Filed Pursuant to Rule 424(b)(3)
Registration No. 333-238864
PROSPECTUS SUPPLEMENT
(To Prospectus dated June 19, 2020)
38,227,152 Shares of Common Stock
This prospectus supplement supplements the prospectus dated June 19, 2020 (the “Prospectus”), which forms a part of our Registration Statement on Form S-1 (Registration Statement No. 333-238864). The Prospectus and this prospectus supplement relate to the offering and resale of up to 38,227,152 shares of our common stock by the selling stockholders identified in the Prospectus. We will not receive any proceeds from the sale of these shares by the selling stockholders.
This prospectus supplement is being filed to update and supplement the information in the Prospectus with the information contained in our Current Report on Form 8-K, as filed with the Securities and Exchange Commission on December 22, 2020 and the information contained in our Current Report on 8-K, as filed with the Securities and Exchange Commission on December 30, 2020 (together, the “Current Reports”). Accordingly, we have attached the Current Reports to this prospectus supplement.
This prospectus supplement should be read in conjunction with the Prospectus, which is to be delivered with this prospectus supplement. This prospectus supplement updates, amends and supplements the information included or incorporated by reference in the Prospectus.

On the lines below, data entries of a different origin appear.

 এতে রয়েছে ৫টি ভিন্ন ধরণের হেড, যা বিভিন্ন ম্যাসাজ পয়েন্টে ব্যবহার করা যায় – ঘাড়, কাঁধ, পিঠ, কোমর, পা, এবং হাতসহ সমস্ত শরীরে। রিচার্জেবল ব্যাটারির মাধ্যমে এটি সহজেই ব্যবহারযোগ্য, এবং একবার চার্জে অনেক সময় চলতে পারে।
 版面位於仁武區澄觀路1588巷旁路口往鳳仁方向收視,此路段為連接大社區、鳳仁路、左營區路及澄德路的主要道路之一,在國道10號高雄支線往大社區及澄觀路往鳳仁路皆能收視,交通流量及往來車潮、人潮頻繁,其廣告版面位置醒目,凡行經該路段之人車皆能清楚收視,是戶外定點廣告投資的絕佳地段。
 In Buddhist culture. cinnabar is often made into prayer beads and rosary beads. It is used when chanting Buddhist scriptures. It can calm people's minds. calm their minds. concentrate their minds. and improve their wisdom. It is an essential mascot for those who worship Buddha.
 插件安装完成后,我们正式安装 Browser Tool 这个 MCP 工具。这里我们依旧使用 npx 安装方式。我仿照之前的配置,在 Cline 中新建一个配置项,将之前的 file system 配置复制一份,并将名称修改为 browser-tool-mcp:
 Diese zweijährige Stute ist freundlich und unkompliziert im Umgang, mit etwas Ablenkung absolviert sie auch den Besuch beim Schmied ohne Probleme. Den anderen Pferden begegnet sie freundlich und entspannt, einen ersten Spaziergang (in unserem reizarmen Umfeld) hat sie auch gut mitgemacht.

If there is any inconsistency between the information in the Prospectus and this prospectus supplement, you should rely on the information in this prospectus supplement.

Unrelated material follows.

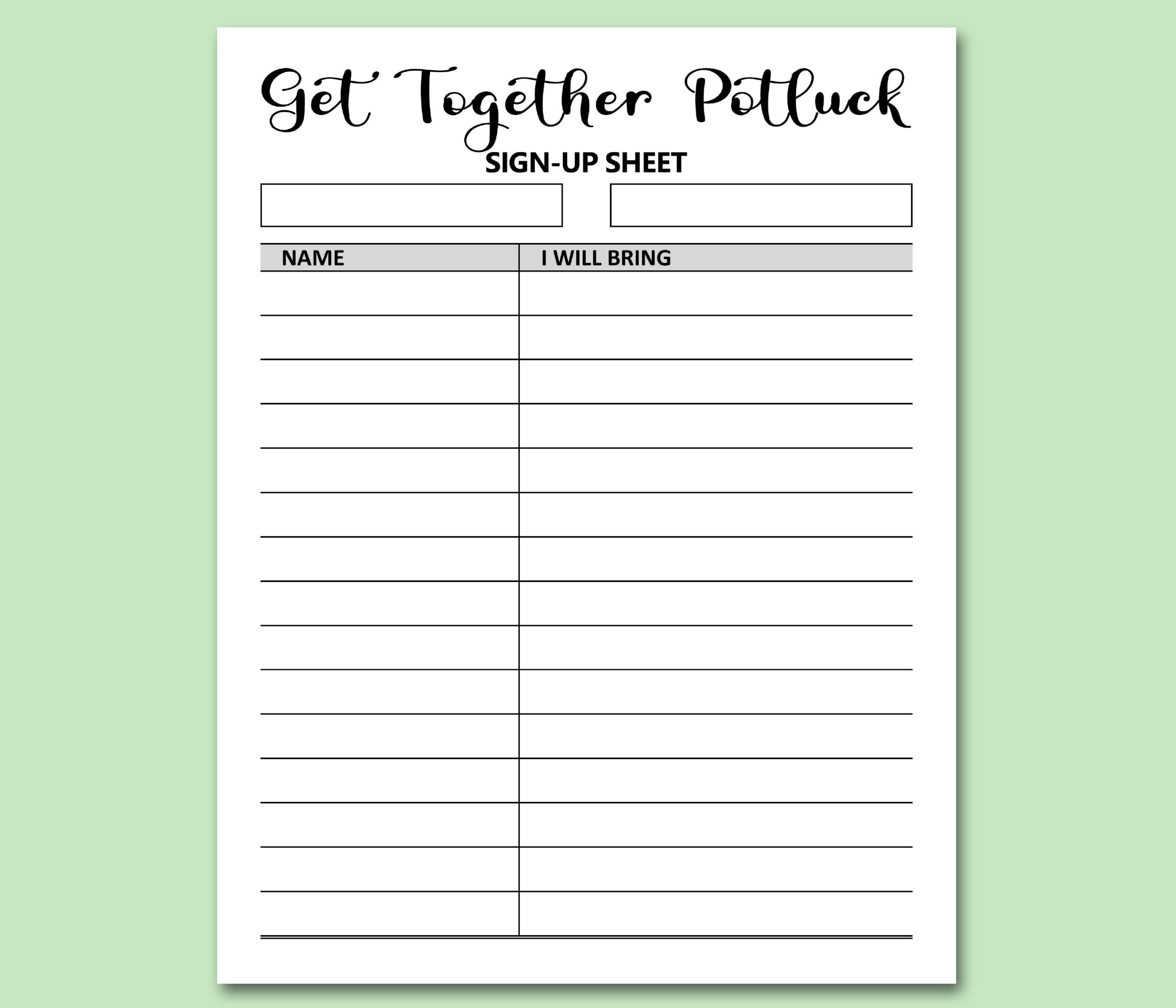 Get Together Potluck Sign Up Sheet Printable Signup Form Potluck Dinner Friends Church Social Reunion Event Games Activities Letter A4 Etsy
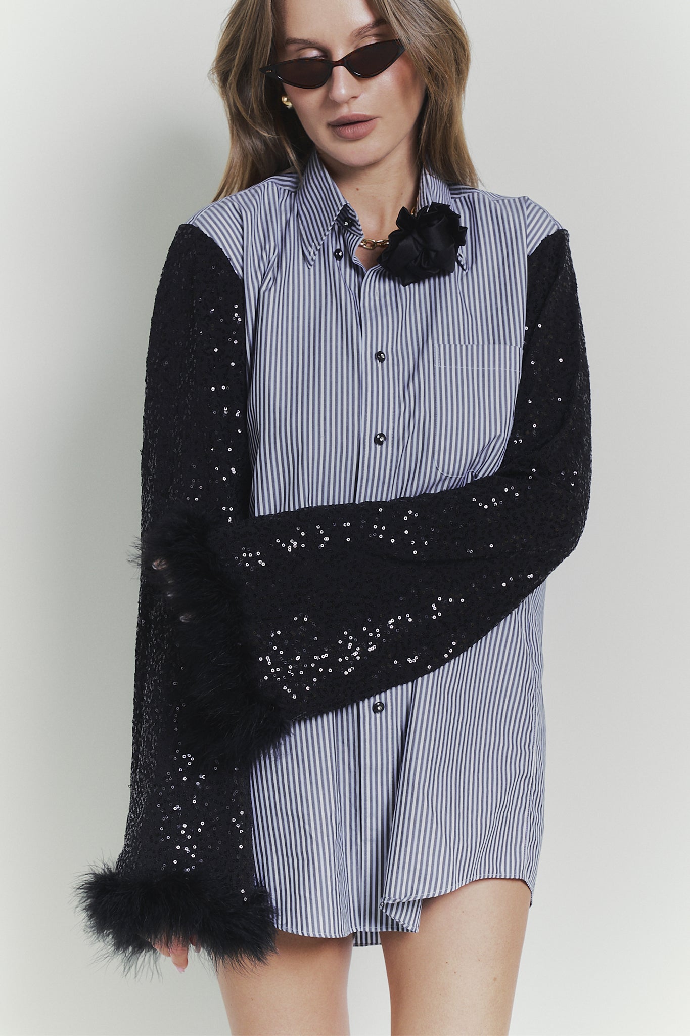 Elevate your style with the BLACK HEART shirt. This upcycled piece features romantic flower details and shiny sleeves, guaranteed to make you stand out. With this unique shirt, you'll be the center of attention at any event. Expertly crafted and environmentally conscious, embrace the perfect combination of sustainability and fashion.

This prospectus supplement is not complete without, and may not be delivered or utilized except in connection with, the Prospectus, including any amendments or supplements to it.
Our common stock is quoted on the OTCQB Market under the symbol “TGAN.”
We are an “emerging growth company” and “smaller reporting company” as defined under the federal securities laws, and, as such, are eligible for reduced public company reporting requirements. See “Prospectus Summary—Emerging Growth Company and Smaller Reporting Company” beginning on page 6 of the Prospectus.
Investing in our common stock involves a high degree of risk. Before making an investment decision, please read “Risk Factors” beginning on page 9 of the Prospectus and the risk factors contained in our other filings with the Securities and Exchange Commission.
You should rely only on the information contained in the Prospectus, this prospectus supplement or any prospectus supplement or amendment hereto. We have not authorized anyone to provide you with different information.
Neither the Securities and Exchange Commission nor any state securities commission has approved or disapproved of these securities or determined if this prospectus is truthful or complete. Any representation to the contrary is a criminal offense.
The date of this prospectus supplement is December 30, 2020.
UNITED STATES
SECURITIES AND EXCHANGE COMMISSION
Washington, D.C. 20549
FORM 8-K
CURRENT REPORT
Pursuant to Section 13 or 15(d) of The Securities Exchange Act of 1934
Date of Report (Date of earliest event reported): December 22, 2020
Transphorm, Inc.
(Exact name of registrant as specified in its charter)
| | | | | | | | |
Delaware | 000-55832 | 82-1858829 |
(State or Other Jurisdiction of Incorporation) | (Commission File Number) | (I.R.S. Employer Identification No.) |
75 Castilian Drive
Goleta, CA 93117
(Address of principal executive offices, including zip code)
(805) 456-1300
(Registrant’s telephone number, including area code)
Not Applicable
(Former name or former address, if changed since last report)
Check the appropriate box below if the Form 8-K filing is intended to simultaneously satisfy the filing obligation of the registrant under any of the following provisions:
☐ Written communications pursuant to Rule 425 under the Securities Act (17 CFR 230.425)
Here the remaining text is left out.